Add multiple heatmap annotations using for loop

Typically, we can create a heatmap annotatin using the following code:

col_ha = HeatmapAnnotation(
                        Group=anno_simple(df_cols.hypomethylated_samples,colors=sample_group_color_dict,legend=True),
                        CellType=anno_simple(df_cols.CellType,colors=ct_color_dict,legend=ct_legend),
                        M1=anno_simple(df_cols['M1'],cmap='jet',legend=lgd,vmax=1,vmin=0,legend_kws={'label':'M1'}),
                        verbose=0,label_side='right',label_kws={'horizontalalignment':'left'})

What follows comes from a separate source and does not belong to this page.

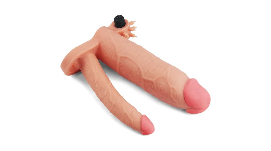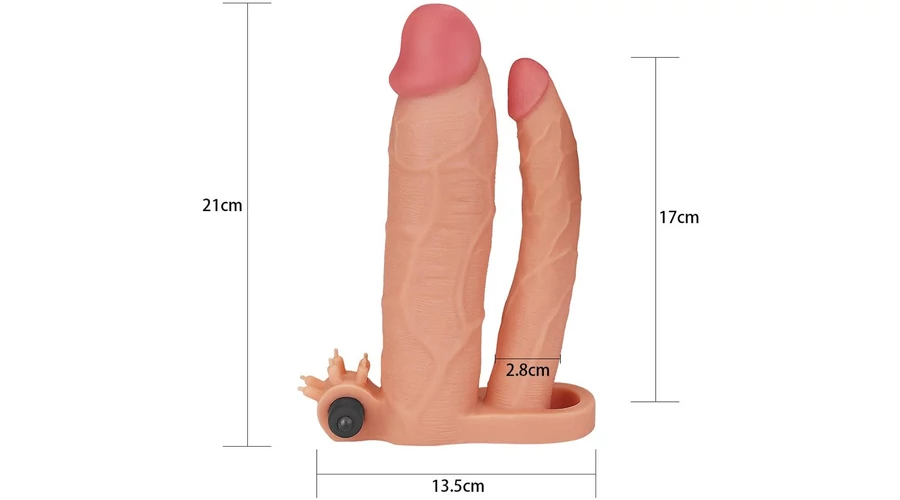 Add 3" Vibrating Double Penis Sleeve kétágú dildós péniszköpeny

But what if we have many annotations, for example:

col_ha = HeatmapAnnotation(
                        Group=anno_simple(df_cols.hypomethylated_samples,colors=sample_group_color_dict,legend=True),
                        CellType=anno_simple(df_cols.CellType,colors=ct_color_dict,legend=ct_legend),
                        M1=anno_simple(df_cols['M1'],cmap='jet',legend=lgd,vmax=1,vmin=0,legend_kws={'label':'M1'}),
                        M2=anno_simple(df_cols['M2'],cmap='jet',legend=lgd,vmax=1,vmin=0,legend_kws={'label':'M2'}),
                        M3=anno_simple(df_cols['M3'],cmap='jet',legend=lgd,vmax=1,vmin=0,legend_kws={'label':'M3'}),
                        .....
                        verbose=0,label_side='right',label_kws={'horizontalalignment':'left'})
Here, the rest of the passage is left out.